Exercise brief:
Write out each record below exactly, but not the pictures.

Given data:

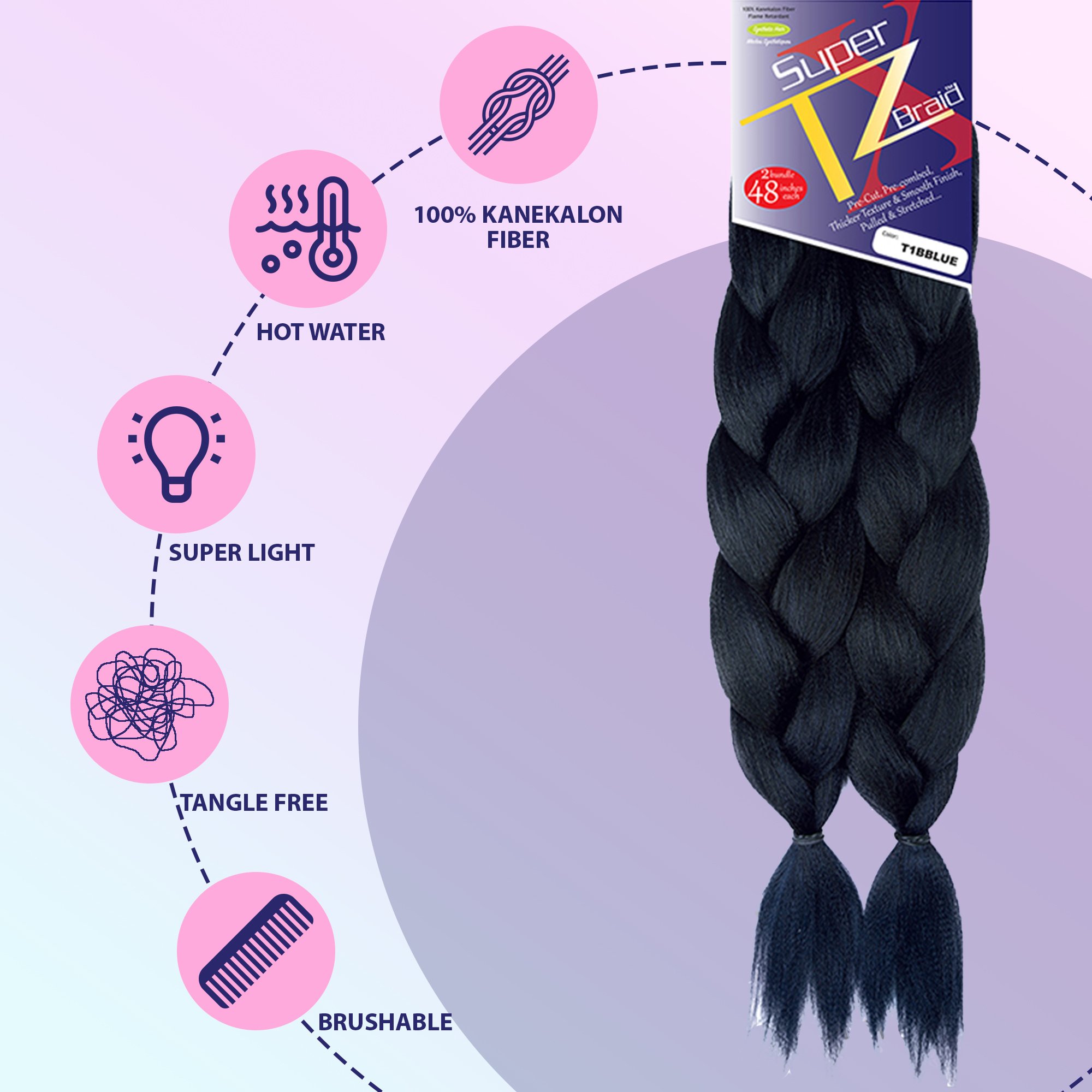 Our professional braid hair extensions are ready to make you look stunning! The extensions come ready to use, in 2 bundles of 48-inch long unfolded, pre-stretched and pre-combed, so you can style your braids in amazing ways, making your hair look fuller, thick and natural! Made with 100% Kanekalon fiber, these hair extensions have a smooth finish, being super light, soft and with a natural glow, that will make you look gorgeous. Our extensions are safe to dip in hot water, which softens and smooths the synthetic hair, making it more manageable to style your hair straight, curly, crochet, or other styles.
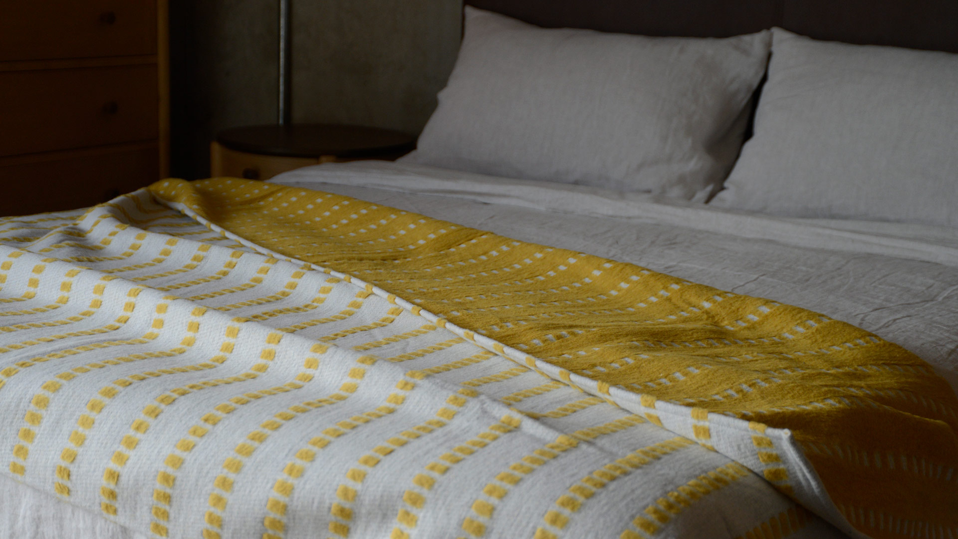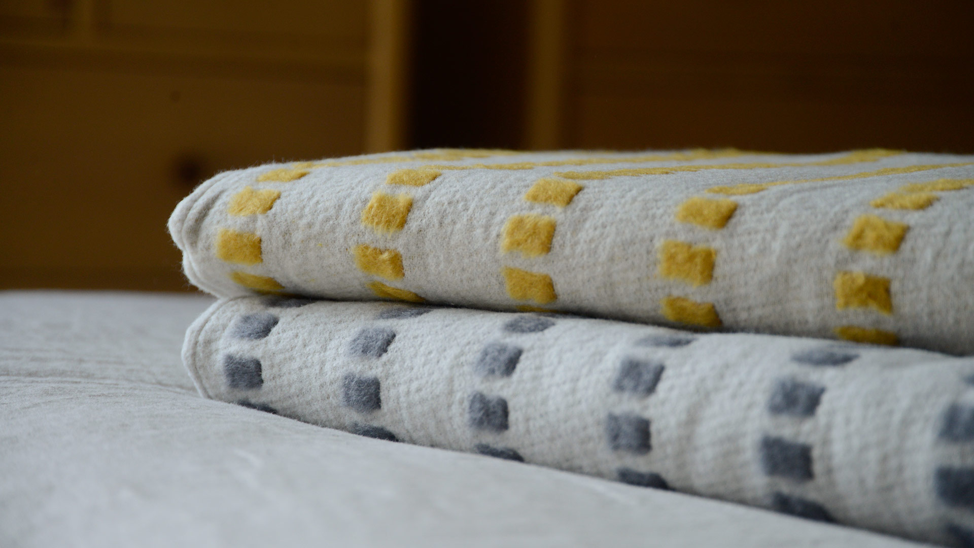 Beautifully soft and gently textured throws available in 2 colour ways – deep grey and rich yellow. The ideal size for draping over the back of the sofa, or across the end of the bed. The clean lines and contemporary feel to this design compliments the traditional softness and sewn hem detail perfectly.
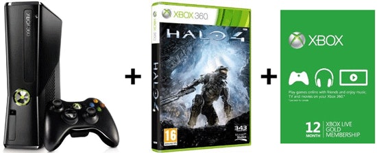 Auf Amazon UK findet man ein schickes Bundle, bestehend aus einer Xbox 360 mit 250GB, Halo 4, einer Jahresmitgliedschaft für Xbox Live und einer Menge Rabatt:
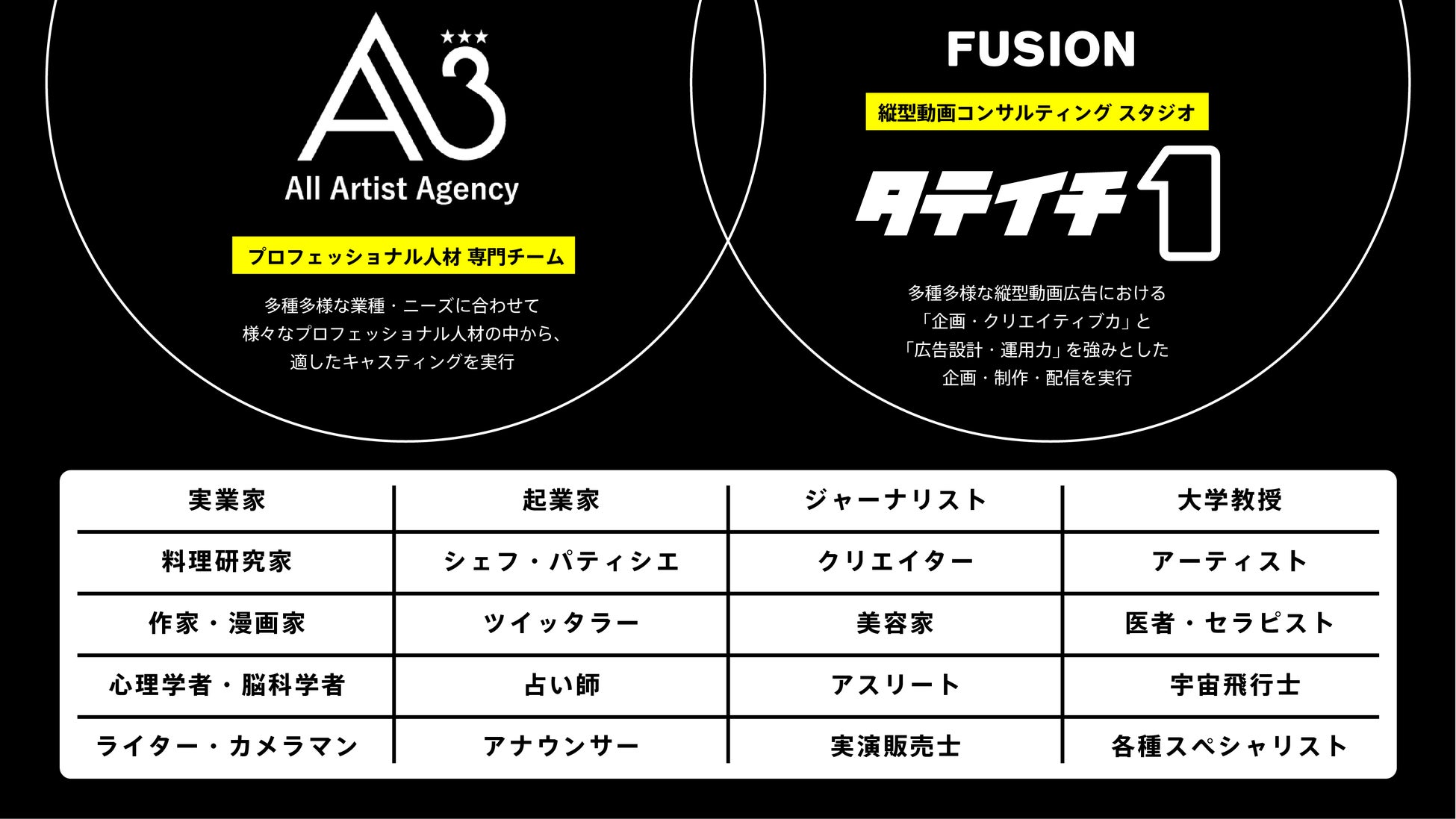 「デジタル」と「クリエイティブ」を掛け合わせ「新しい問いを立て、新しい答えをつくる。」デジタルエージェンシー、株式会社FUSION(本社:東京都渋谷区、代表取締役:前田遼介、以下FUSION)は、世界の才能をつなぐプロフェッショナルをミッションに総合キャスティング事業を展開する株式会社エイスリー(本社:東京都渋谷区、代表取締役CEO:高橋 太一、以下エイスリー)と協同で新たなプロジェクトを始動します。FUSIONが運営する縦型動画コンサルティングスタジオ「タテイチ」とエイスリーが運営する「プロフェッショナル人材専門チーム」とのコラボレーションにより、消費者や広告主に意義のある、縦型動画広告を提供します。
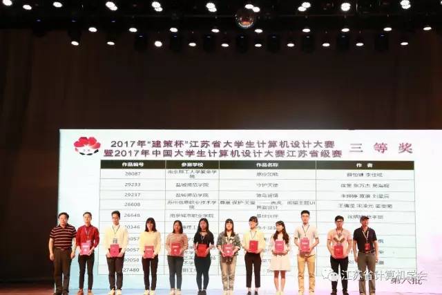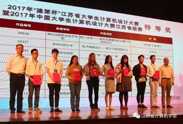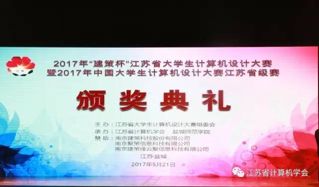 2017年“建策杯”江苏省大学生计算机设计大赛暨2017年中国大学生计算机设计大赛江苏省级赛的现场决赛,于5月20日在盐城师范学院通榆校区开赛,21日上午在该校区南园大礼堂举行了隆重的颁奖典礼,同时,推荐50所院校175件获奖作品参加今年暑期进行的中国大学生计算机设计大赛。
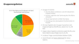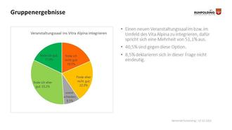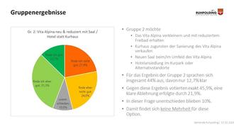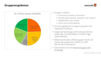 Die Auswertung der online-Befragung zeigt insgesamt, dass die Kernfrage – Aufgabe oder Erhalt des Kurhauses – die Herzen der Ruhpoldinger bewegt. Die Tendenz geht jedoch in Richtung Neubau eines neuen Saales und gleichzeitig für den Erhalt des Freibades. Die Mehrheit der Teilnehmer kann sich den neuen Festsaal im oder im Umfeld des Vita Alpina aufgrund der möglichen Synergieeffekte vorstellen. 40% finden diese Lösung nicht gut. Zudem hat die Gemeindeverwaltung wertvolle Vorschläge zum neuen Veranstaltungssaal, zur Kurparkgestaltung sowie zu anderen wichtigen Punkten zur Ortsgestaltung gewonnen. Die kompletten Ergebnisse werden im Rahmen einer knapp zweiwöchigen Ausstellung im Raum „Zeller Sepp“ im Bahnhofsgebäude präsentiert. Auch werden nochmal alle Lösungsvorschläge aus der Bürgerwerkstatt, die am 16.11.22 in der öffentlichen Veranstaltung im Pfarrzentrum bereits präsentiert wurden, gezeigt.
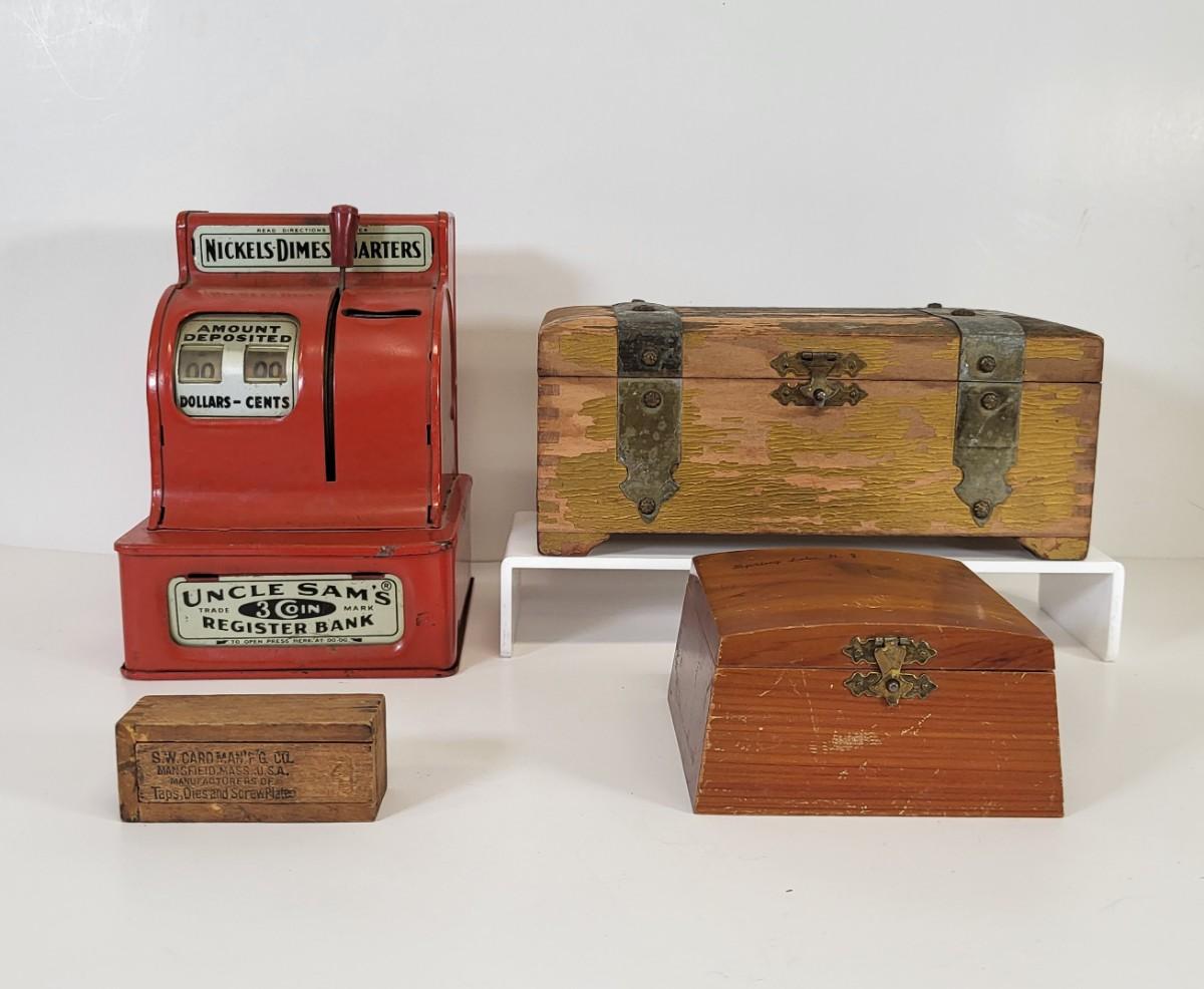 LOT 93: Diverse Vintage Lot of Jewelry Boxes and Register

Response area:
 Our professional braid hair extensions are ready to make you look stunning! The extensions come ready to use, in 2 bundles of 48-inch long unfolded, pre-stretched and pre-combed, so you can style your braids in amazing ways, making your hair look fuller, thick and natural! Made with 100% Kanekalon fiber, these hair extensions have a smooth finish, being super light, soft and with a natural glow, that will make you look gorgeous. Our extensions are safe to dip in hot water, which softens and smooths the synthetic hair, making it more manageable to style your hair straight, curly, crochet, or other styles.
 Beautifully soft and gently textured throws available in 2 colour ways – deep grey and rich yellow. The ideal size for draping over the back of the sofa, or across the end of the bed. The clean lines and contemporary feel to this design compliments the traditional softness and sewn hem detail perfectly.
 Auf Amazon UK findet man ein schickes Bundle, bestehend aus einer Xbox 360 mit 250GB, Halo 4, einer Jahresmitgliedschaft für Xbox Live und einer Menge Rabatt:
 「デジタル」と「クリエイティブ」を掛け合わせ「新しい問いを立て、新しい答えをつくる。」デジタルエージェンシー、株式会社FUSION(本社:東京都渋谷区、代表取締役:前田遼介、以下FUSION)は、世界の才能をつなぐプロフェッショナルをミッションに総合キャスティング事業を展開する株式会社エイスリー(本社:東京都渋谷区、代表取締役CEO:高橋 太一、以下エイスリー)と協同で新たなプロジェクトを始動します。FUSIONが運営する縦型動画コンサルティングスタジオ「タテイチ」とエイスリーが運営する「プロフェッショナル人材専門チーム」とのコラボレーションにより、消費者や広告主に意義のある、縦型動画広告を提供します。
 2017年“建策杯”江苏省大学生计算机设计大赛暨2017年中国大学生计算机设计大赛江苏省级赛的现场决赛,于5月20日在盐城师范学院通榆校区开赛,21日上午在该校区南园大礼堂举行了隆重的颁奖典礼,同时,推荐50所院校175件获奖作品参加今年暑期进行的中国大学生计算机设计大赛。
 Die Auswertung der online-Befragung zeigt insgesamt, dass die Kernfrage – Aufgabe oder Erhalt des Kurhauses – die Herzen der Ruhpoldinger bewegt. Die Tendenz geht jedoch in Richtung Neubau eines neuen Saales und gleichzeitig für den Erhalt des Freibades. Die Mehrheit der Teilnehmer kann sich den neuen Festsaal im oder im Umfeld des Vita Alpina aufgrund der möglichen Synergieeffekte vorstellen. 40% finden diese Lösung nicht gut. Zudem hat die Gemeindeverwaltung wertvolle Vorschläge zum neuen Veranstaltungssaal, zur Kurparkgestaltung sowie zu anderen wichtigen Punkten zur Ortsgestaltung gewonnen. Die kompletten Ergebnisse werden im Rahmen einer knapp zweiwöchigen Ausstellung im Raum „Zeller Sepp“ im Bahnhofsgebäude präsentiert. Auch werden nochmal alle Lösungsvorschläge aus der Bürgerwerkstatt, die am 16.11.22 in der öffentlichen Veranstaltung im Pfarrzentrum bereits präsentiert wurden, gezeigt.
 LOT 93: Diverse Vintage Lot of Jewelry Boxes and Register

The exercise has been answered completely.